1. 1. A tomographic imaging and reconstruction method based on learning is characterized in that scene density distribution is measured in an illumination multiplexing mode, and the method comprises the following steps: (1) Generating training data, namely acquiring parameters of scanning equipment, including the spatial positions of a light source and a sensor and the readings of all sensors when any light source emits light with maximum intensity under an empty scene; (2) Training a neural network according to the data generated in the step (1), wherein the neural network is characterized by comprising the following steps: a. Inputting CT images of all light sources of the scanning equipment; b. Outputting the corresponding density field; c. the first layer of the neural network is a linear full-connection layer, and a parameter matrix of the linear full-connection layer is obtained through the following formula: W l ＝f w (W raw ) W raw is a parameter to be trained, W l corresponds to an illumination intensity matrix in imaging, the size is k multiplied by n s ,n s , the number of light sources of the scanning device is k is the number of samples, and f w is a mapping for converting W raw so that the generated illumination intensity matrix W l can correspond to the possible luminous intensity of the light sources; d. The second layer and the later layers are nonlinear neural networks, and the output of the last layer is a density field reconstruction result; (3) And (3) the light source of the scanning equipment emits light row by row according to the illumination intensity matrix extracted in the step (2), sequentially irradiates a target scene, obtains a measured value matrix M through a sensor, wherein the size of the measured value matrix M is k multiplied by n d ,n d , and is the number of the sensors, and the M is used as the output of a first linear full-connection layer of the neural network to calculate and obtain a reconstructed density field.

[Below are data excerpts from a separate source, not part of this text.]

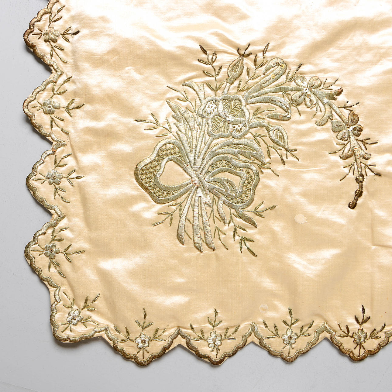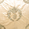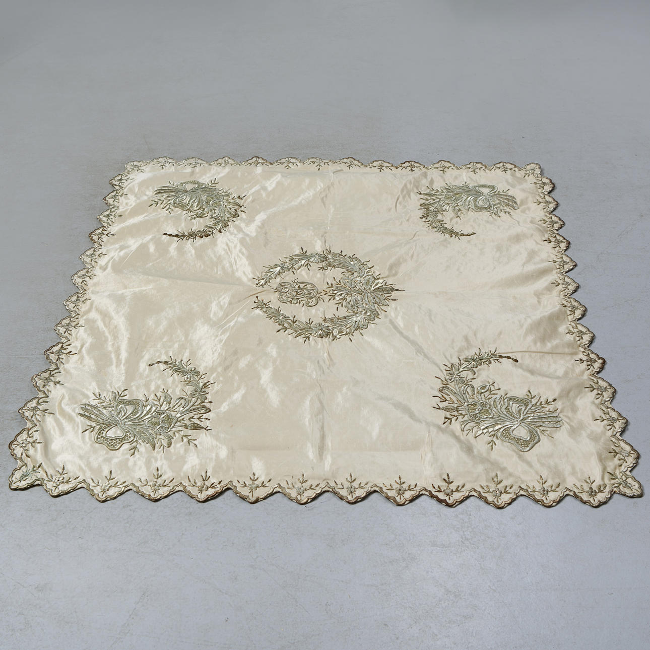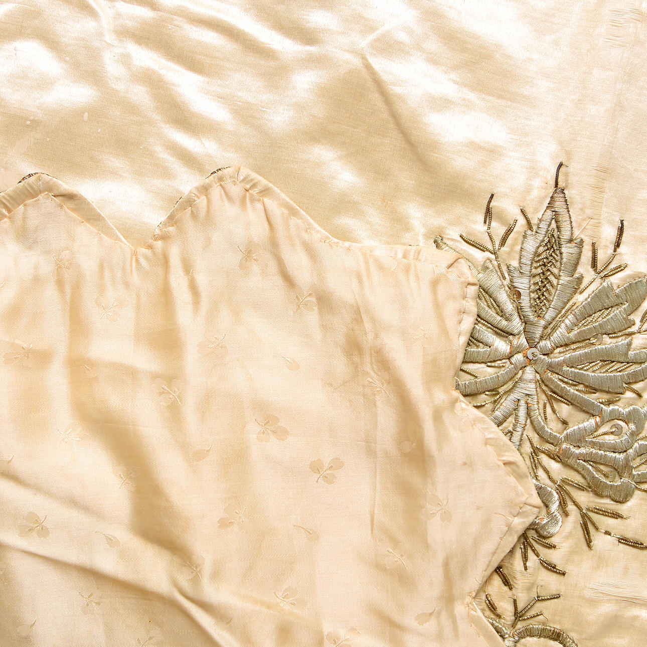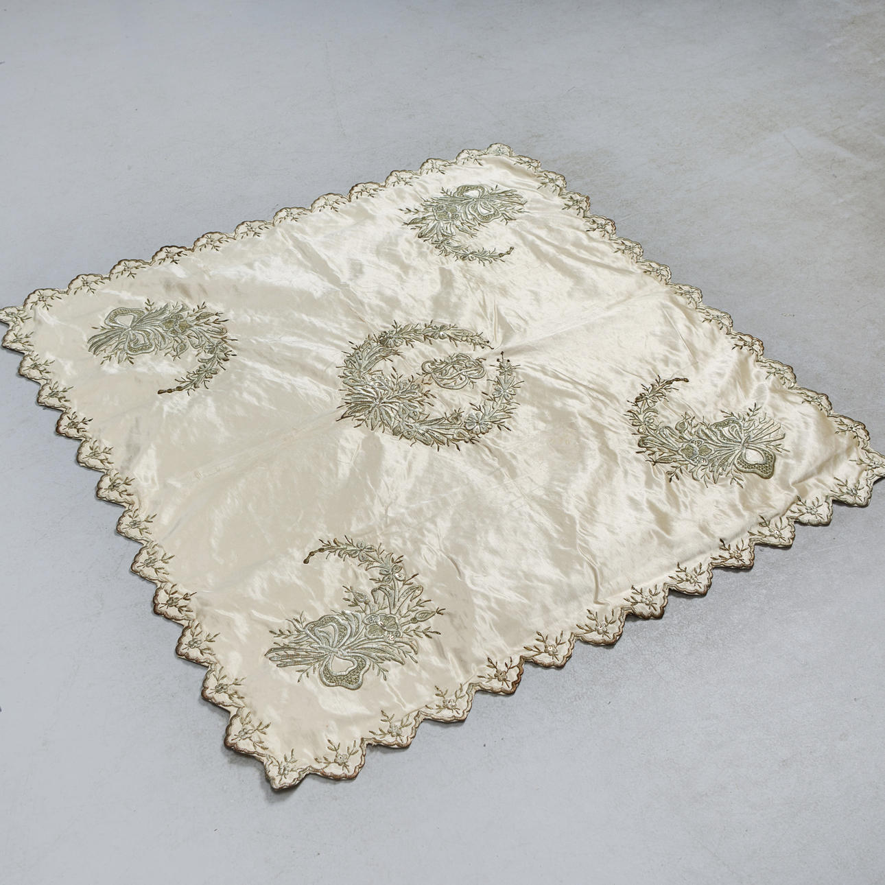 Bröllopsduk i cremefärgat siden samt brodyr i metalltråd med stenar. Mittenmedaljong med monogram. Fodrad baksida.
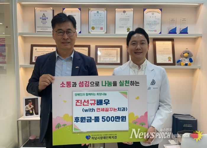 뉴스펀치 탁상훈 기자 | 하남시장애인복지관은 지난 10일, 진선규 배우가 하남시 관내 장애인 복지 증진을 위하여 후원금 200만원을 전달했다고 밝혔다. 또한 진선규 배우의 따뜻한 나눔에 공감한 꿈꾸는치과그룹(원장 주기훈)도 300만원 상당의 구강용품을 함께 기부하며 나눔에 동참했다.
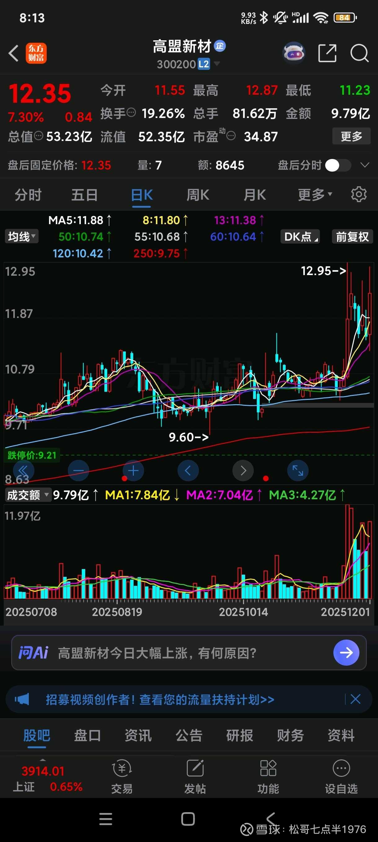7. 估值“高处不胜寒”:按 2025 年预估 1.6 亿净利算,当前市值 70 亿,动态 PE 44 倍,高于新材料板块平均 32 倍。若 2026 年产能释放节奏低于预期,戴维斯双杀随时上演,股吧里“价值旗手”与“技术派”已互扔西红柿。

2. 2. The method for learning-based tomographic imaging and reconstruction of claim 1, wherein in the step (1), the specific method for generating the CT image is to randomly place a plurality of objects with different densities in the effective area of the scene, and generate the CT image based on the selected light model according to the calibrated light source and sensor positions.
3. 3. The learning-based tomographic imaging and reconstruction method according to claim 2, wherein the light model is a linear absorption model, and the formula is as follows: Wherein I is a matrix composed of CT images of different light sources, the size is n s ×n d , element I ij in I is the reading of the jth sensor when the ith light source emits light with maximum intensity under a given density field, x is a vector after the density field is discretized into voxels, the length is the number of voxels n v , K is the Radon transform (Radon transform) represented by a third-order tensor, x 3 is the 3-factorial operation (mode-3 product) of tensor and vector, and as-is-by-element multiplication operation between matrices, I when the density field is everywhere 0.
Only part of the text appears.